Thousands of other new products and processes are now found in industry as the result of space research. Among them are metal alloys, long-wearing paints, plastics, and new types of glue and other adhesives(粘合剂) , as well as new industrial tools. The National Aeronautics and Space Administration has a special program called Technology Utilization to speed the transfer of new ideas from the space program to commerce and industry. The U. S. Department of Commerce makes reports on this information available to organizations abroad.
New products and techniques for medicine have developed from the need to measure astronauts response to space flights. Many of these products and techniques are useful to patients in hospitals. To take just one example, there is a unit as small as a cigarette package which can be strapped to a patients arm to report on blood pressure, temperature, breathing, and other important information. Such devices allow a single nurse to observe changes in the condition of as many as sixty-four patients in an intensive-care unit.

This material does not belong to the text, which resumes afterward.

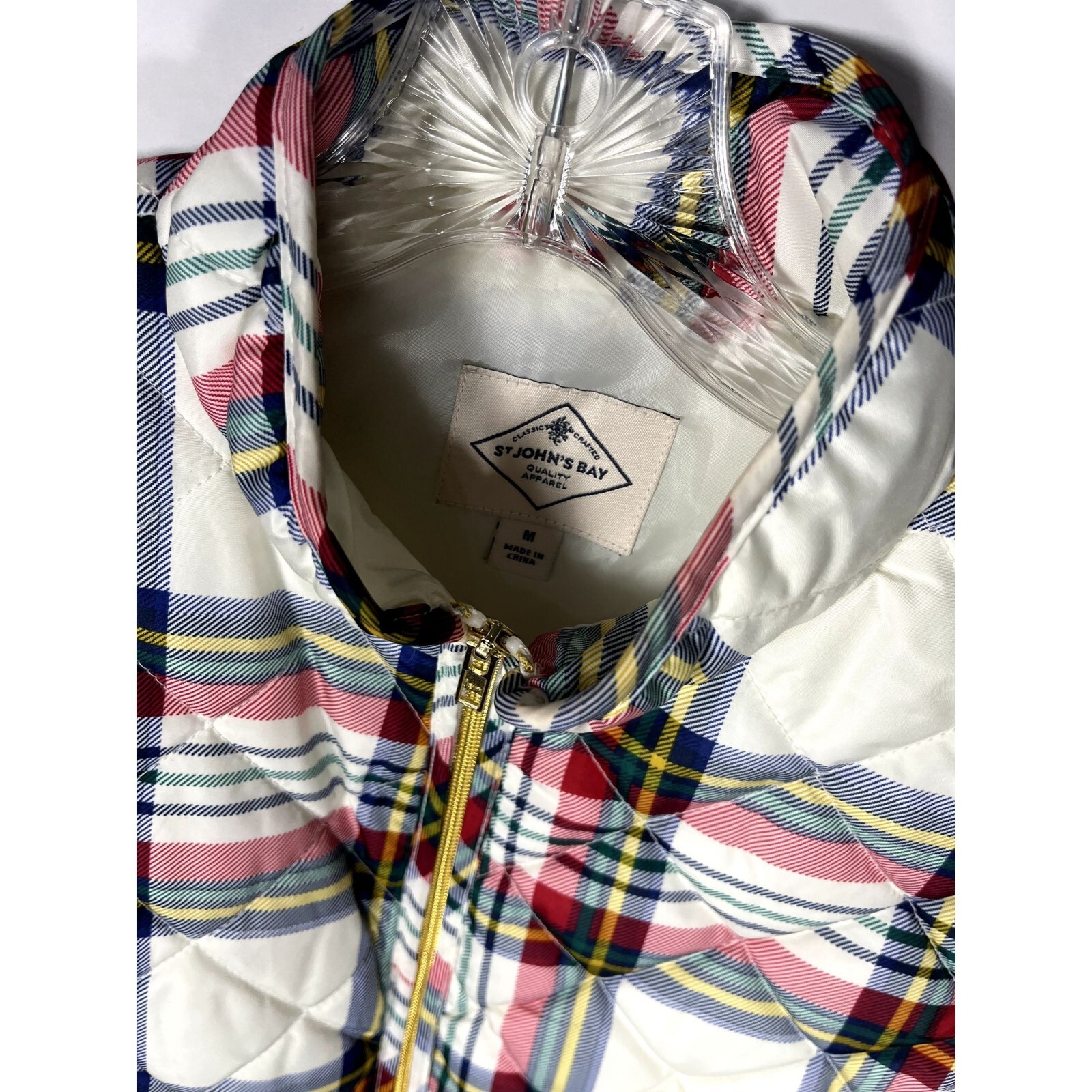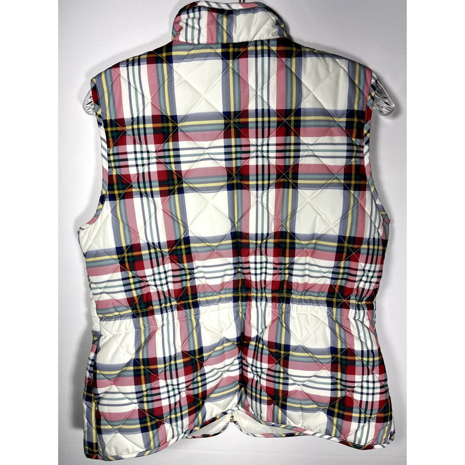 St. John's Bay plaid MED size puffer vest white pink blue green yellow w/ gold

Besides contributing to education, industry, and medicine, the space program has benefited communication. As a matter of fact, space satellites have revolutionized world communication. By 1960, the demand for overseas telephone and telegraph message for the United States was growing even faster. Industry could see no way to lay undersea cable. Transoceanic television was considered impractical. Satellites have changed all this. From thousands of kilometres above our earth, a communications satellite receives a signal from one side of the world and relays it directly to the other.
The first experiments with communications satellites were conducted in the early 1960s. Today about half the worlds long-distance telephone, telegraph, and television traffic is relayed by satellite. Through international agreements, the cost of transoceanic communication has cut almost in half.

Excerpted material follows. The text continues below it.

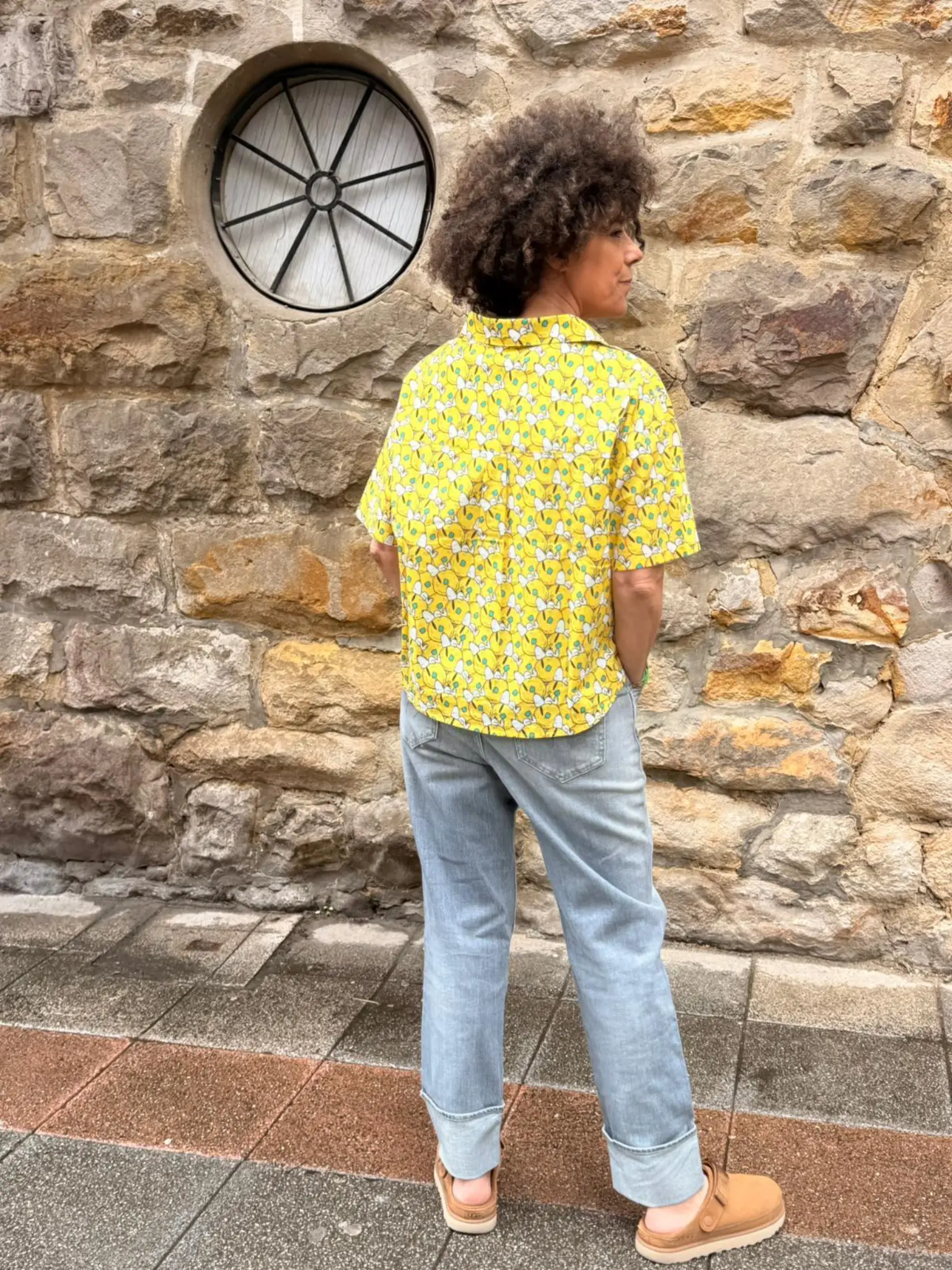 Con manga corta, cuello camisero y escote en pico, tiene ese aire fresco y favorecedor que apetece llevar sin parar. Su estructura ancha y cortita le da un rollo desenfadado que sienta genial

An example of other ways in which satellites can benefit mankind was provided in 1970 by an international congress on post-graduate medical instruction. The American participants were in Texas; participating Europeans were in Switzerland, Germany, and Austria. For three hours by satellite, 30,000 doctors saw and heard their colleagues across the sea.
Satellites are being used not only for medical purposes and for education but also for predicting the weather in a more reliable way. Many lives have been saved by advance warnings of hurricanes and other dangerous storms. Before satellites, weather forecasters had information only from locations with observation stations. The information was generally available only from land areas. There were few reports about conditions in areas covered by oceans about three-fourths of the worlds surface. The significance of this lack becomes apparent with the realization that most bad weather originates at sea.